Was macht Alexander Schweitzer?
Gerüchte gibt es, dazu gehören der Fraktions- und der Parteivorsitz. Er selbst sagt noch nichts. Er war zwar der Verhandlungsführer der SPD und hat dabei auch mit dem designierten Ministerpräsidenten Gordon Schnieder (CDU) unter vier Augen gesprochen. Der Pfälzer hatte aber bereits vor der Wahl ausgeschlossen, in ein Kabinett Schnieder einzutreten. Beim außerordentlichen Parteitag am vergangenen Samstag deutete der 52-Jährige an, dass in dieser Woche mehr bekannt wird.
Wer wird stellvertretender Regierungschef oder -chefin?
Auch das ist noch offen. Als wahrscheinlich gilt SPD-Parteichefin Bätzing-Lichtenthäler, wenn sie dem Kabinett angehört.
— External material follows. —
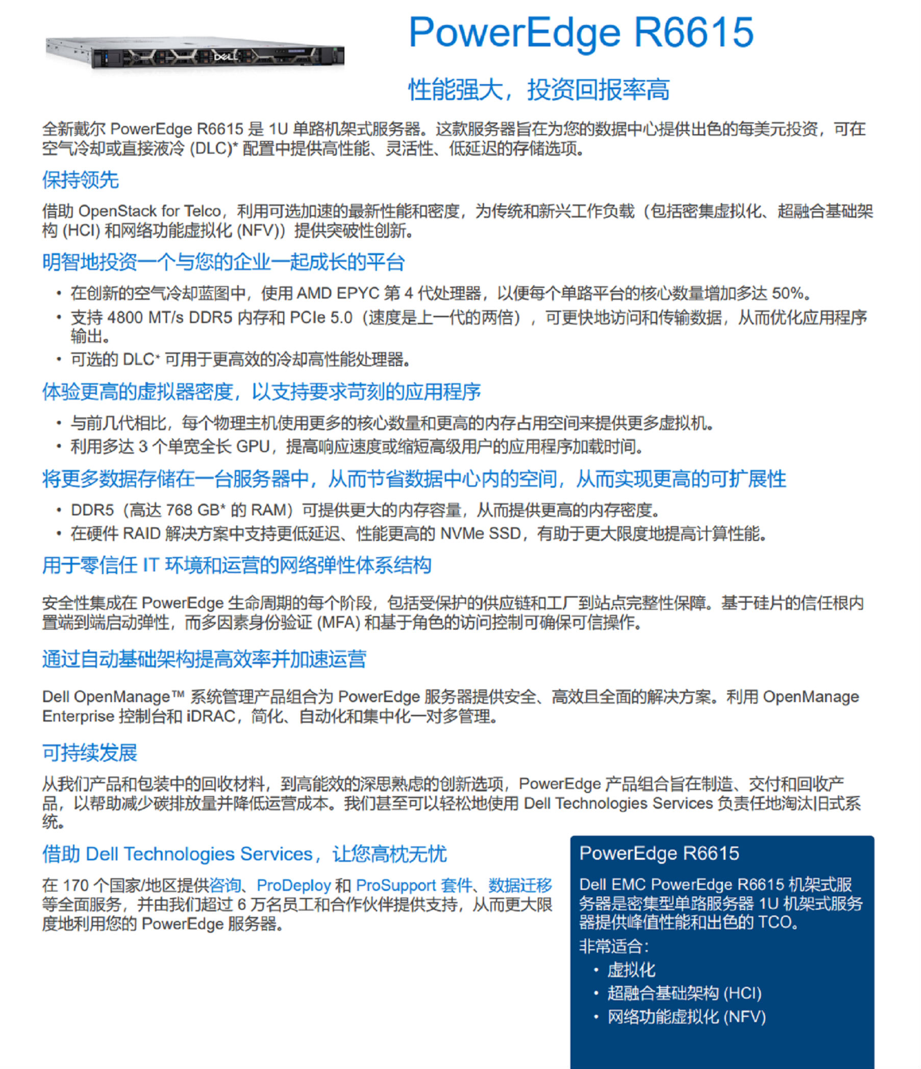 全新戴爾 PowerEdge R6615 是 1U 單路機(jī)架式服務(wù)器。這款服務(wù)器旨在為您的數(shù)據(jù)中心提供出色的每美元投資,可在空氣冷卻或直接液冷 (DLC)* 配置中提供高性能、靈活性、低延遲的存儲選項。

Sie war auch Teil der Verhandlungsgruppe für den Koalitionsvertrag.
Wer führt die Fraktionen an?
Anders als die Oppositionsfraktionen von AfD und Grünen brauchen die künftigen Regierungsparteien noch einen Fraktionschef für die neue Wahlperiode. Die SPD wählt voraussichtlich diese Woche. Die CDU will um den 18. Mai herum wählen.
Gibt es weitere Reaktionen auf den Koalitionsvertrag?
Die Unternehmerverbände sehen an vielen Stellen "eine wirtschaftspolitische Handschrift im Sinne unserer Forderung "Wirtschaft first"", lobt Hauptgeschäftsführer Karsten Tacke. Kritisch sieht er das "bürokratiegeladene Landestariftreuegesetz".
Viel Lob, aber auch Kritik kommt von der kommunalen Initiative "Jetzt reden wir". Sie vermisst eine verbindliche Umsetzung des Konnexitätsprinzips (wer bestellt, bezahlt), einheitliche Förderrichtlinien über alle Ministerien hinweg und Soforthilfen für die Sozial- und Jugendhilfeträger.
Der Verband kommunaler Unternehmer lobt den geplanten Ausbau der erneuerbaren Energien auf einen jährlichen Zuwachs von 1.500 Megawatt (das seien etwa 200 Windenergieanlagen) als "ambitioniert". Er vermisst aber klare Regelungen bei der Wasser-, Abwasserentsorgung und Abfallwirtschaft.